Cependant, il est difficile de donner des chiffres concernant les accidents domestiques chez les enfants en Egypte, bien qu’ils soient très fréquents non seulement à cause du manque d’études, mais aussi parce que les familles n’ont pas l’habitude de déclarer ce genre d’incidents. « Chez les enfants, 3 accidents sur 4 ont lieu à la maison. Ces accidents domestiques peuvent apparaître à tout moment dans la vie de l’enfant et cela dès sa naissance. Au fil des mois, l’enfant grandit, acquiert de l’autonomie dans ses gestes et ses déplacements, développe sa curiosité, son désir d’imiter les grands », explique Dr Ahmed Abdel-Azim, médecin au service d’urgence de l’hôpital Al-Qasr Al-Aïni. Selon lui, les accidents domestiques les plus fréquents chez les enfants sont les chutes, les brûlures, l’électrocution et les noyades dans le bain. Un bébé peut facilement se noyer dans 20 cm d’eau. Les accidents domestiques n’excluent pas une main coincée dans l’embrasure d’une porte ou aussi les incidents causés par la présence d’animaux domestiques, comme une morsure de chien par exemple. Sans oublier l’intoxication et l’empoisonnement lorsque l’enfant commence à ramper ou à marcher et à attraper les petites choses par terre pour les mettre dans sa bouche. Certains enfants avalent une petite pièce du jeu qui s’est détachée ou une pile bouton, tout ce qui traîne, ou encore les produits ménagers stockés dans des bouteilles aux couleurs attrayantes, comme les pastilles de lave-vaisselle qui ressemblent à des bonbons. « L’ingestion d’un corps étranger peut d’ailleurs être fatale. Je me souviens d’un garçon, âgé de 4 ans, qui est arrivé dans un état très grave entre la vie et la mort, après avoir avalé une pile ronde. C’est ce qu’on appelle une fausse route, lorsqu’un aliment, un petit objet ou un liquide passe par la trachée ou le larynx (voies respiratoires) plutôt que par l’oesophage (voie digestive). Cette erreur de parcours peut étouffer la victime (l’aliment ou le liquide bloque les voies respiratoires). La mort peut survenir si le corps étranger coupe totalement la respiration. Grâce à Dieu, l’enfant a été sauvé à la dernière minute », souligne Dr Abdel-Azim, qui ne compte plus les enfants qui tombent de la fenêtre parce qu’ils ont poussé une chaise pour regarder dehors ou ceux qui tombent d’un lit superposé.

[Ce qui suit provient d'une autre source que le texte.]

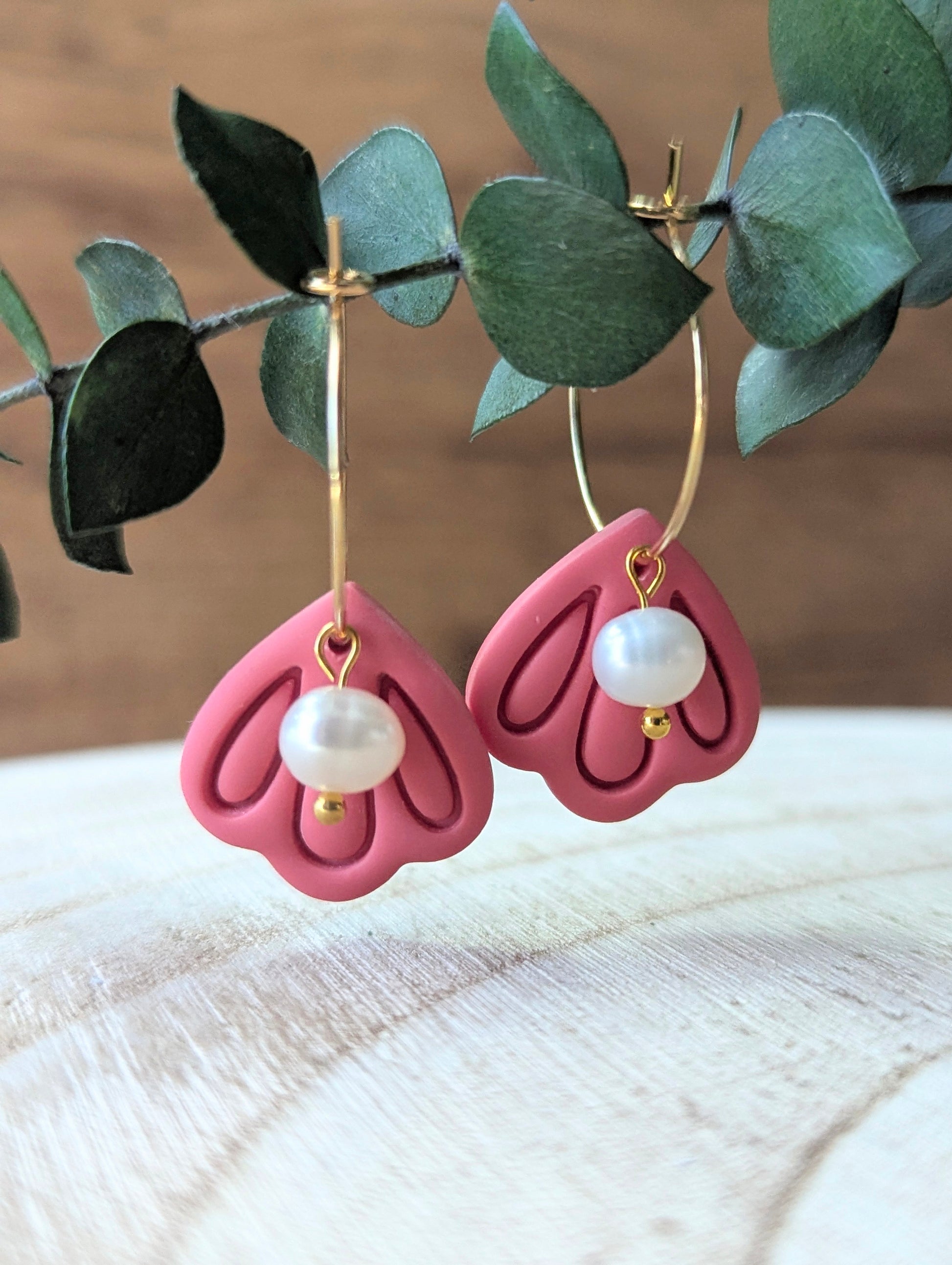 Pénélope Fuschia - Boucles d'oreilles pendantes argile polymère et acier inoxydable hypoallergène

Ce sont les enfants de moins de 5 ans qui sont les plus exposés aux dangers domestiques. Une des raisons : leur corps est disproportionné et présente une tête beaucoup plus lourde que le bas du corps. Un enfant qui fait une longue chute, se retourne et tombe la tête la première. Il ajoute : « Les accidents domestiques constituent environ 30 % de l’ensemble des consultations et 16 % des hospitalisations à l’unité des urgences du service de chirurgie pédiatrique. Les patients d’âge préscolaire sont les plus touchés. Les accidents domestiques surviennent principalement dans la cuisine (mixeurs, fours, couteaux, gaz, plaques bouillantes), ainsi que dans les escaliers où la chute est le principal mécanisme de survenue. Leurs conséquences sont souvent légères, mais peuvent être plus dramatiques, voire mortelles ».
Anticipation et vigilance quotidienne sont donc les meilleurs alliés pour éviter le pire.